3. In determining the
profits of a permanent establishment, there shall be allowed as deductions
expenses which are incurred for the purposes of the business of the permanent
establishment, including executive and general administrative expenses so
incurred, whether in the State in which the permanent establishment is situated
or elsewhere in accordance with the provisions of and subject to the
limitations of the tax laws of that State.
4. Nothing in this Article
shall affect the application of any law of a Contracting State relating to the
determining of the tax liability of a person in cases where information is not
available to the competent authority of that State in order to determine the
profits to be attributed to a permanent establishment, provided that law shall
be applied consistently with the principles of this Article.
5. In so far as it has
been customary in a Contracting State to determine the profits to be attributed
to a permanent establishment on the basis of an apportionment of the total
profits of the enterprise to its various parts, nothing in paragraph 2 shall
preclude that Contracting State from determining the profits to be taxed by
such an apportionment as may be customary. The method of apportionment adopted
shall, however, be such that the result shall be in accordance with the
principles contained in this Article.
6. No profits shall be
attributed to a permanent establishment by reason of the mere purchase by that
permanent establishment of goods or merchandise for the enterprise.

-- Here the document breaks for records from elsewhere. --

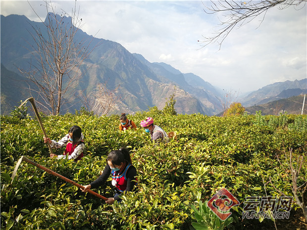 在另一个山头,老姆登村致富带头人郁伍林一家也没闲着,一家人分头劳作,捡柴火、清理农家乐、到茶叶地除草,忙个不停。“每次出门干活,我们都戴好口罩,疫情防疫要求我们一定要做到,生产管理也要跟上。”郁伍林说,疫情总会结束,日子还得继续,该干什么,还得干什么。这几天,福贡老姆登高山茶种植农民专业合作社理事长、技术指导和大林一直在茶叶种植基地劳作。该合作社采用合作社+社员(农户)+基地+市场”的产业化运营模式,建成优质示范茶园1000 亩,辐射带动村里发展茶叶近2000多亩。
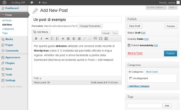 L’editor dei post è il componente di WordPress che permette di creare i singoli post, classificarne il contenuto e procedere alla pubblicazione. Più volte modificato nel corso del tempo, l’editor risulta oggi molto amichevole e permette di gestire tutte le funzioni in maniera rapida ed intuitiva.
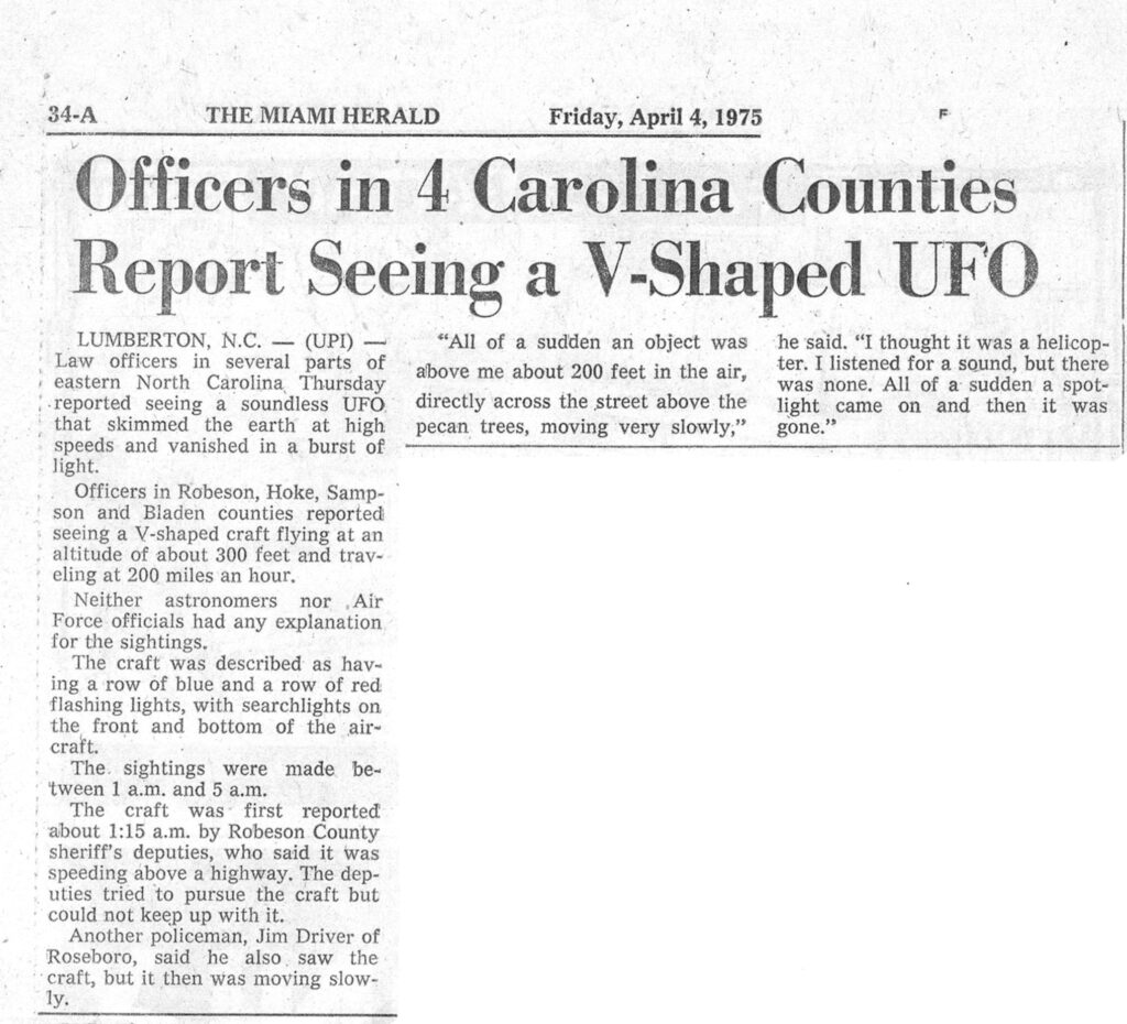 The 1975 Lumberton UFO Wave: Police Across North Carolina Report a Silent V-Shaped Craft

7. For the purposes of the
preceding paragraphs the profits to be attributed to the permanent
establishment shall be determined by the same method year by year unless there
is good and sufficient reason to the contrary.
8. Where profits include
items of income which are dealt with separately in other Articles of this
Agreement, then the provisions of those Articles shall not be affected by the
provisions of this Article.
ARTICLE 8: Shipping and
air transport.--1. Profits derived by an enterprise of a Contracting State from
the operation of ships or aircraft in international traffic shall be taxable
only in that State.
2. For the purposes of
this Article, profits from the operation of ships or aircraft in international
traffic include:
(a) income from the lease of ships or aircraft; and
(b) profits from the use, maintenance or
rental of containers (including trailers and related equipment for the
transport of containers);
where such lease or such
use, maintenance or rental, as the case may be, is incidental to the operation
of ships or aircraft in international traffic.
3. The provisions of
paragraph 1 shall also apply to profits from the participation in a pool, a
joint business or an international operating agency.
4. For the purposes of
this Article, interest on funds connected with the operation of ships or
aircraft in international traffic earmarked for the purpose of payments of all
kinds of wages and maintenance of ships or aircraft and their crew shall be
regarded as income or profits derived from the operation of such ships or
aircraft and the provisions of Article 11 shall not apply in relation to such
interest.
ARTICLE 9: Associated
enterprises.--Where
(a) an enterprise of a Contracting State participates directly or
indirectly in the management, control or capital of an enterprise of the other
Contracting State, or
(b) the same persons participate directly or indirectly in the
management, control or capital of an enterprise of a Contracting State and an
enterprise of the other Contracting State, and in either case conditions are
made or imposed between the two enterprises in their commercial or financial
relations which differ from those which would be made between independent
enterprises, then any profits which would, but for those conditions, have
accrued to one of the enterprise, but, by the reason of those conditions, have
not so accrued, may be included in the profits of that enterprise and taxed
accordingly.
ARTICLE 10: Dividends.--1.
Dividends paid by a company which is a resident of a Contracting State to a
resident of the other Contracting State may be taxed in that other State.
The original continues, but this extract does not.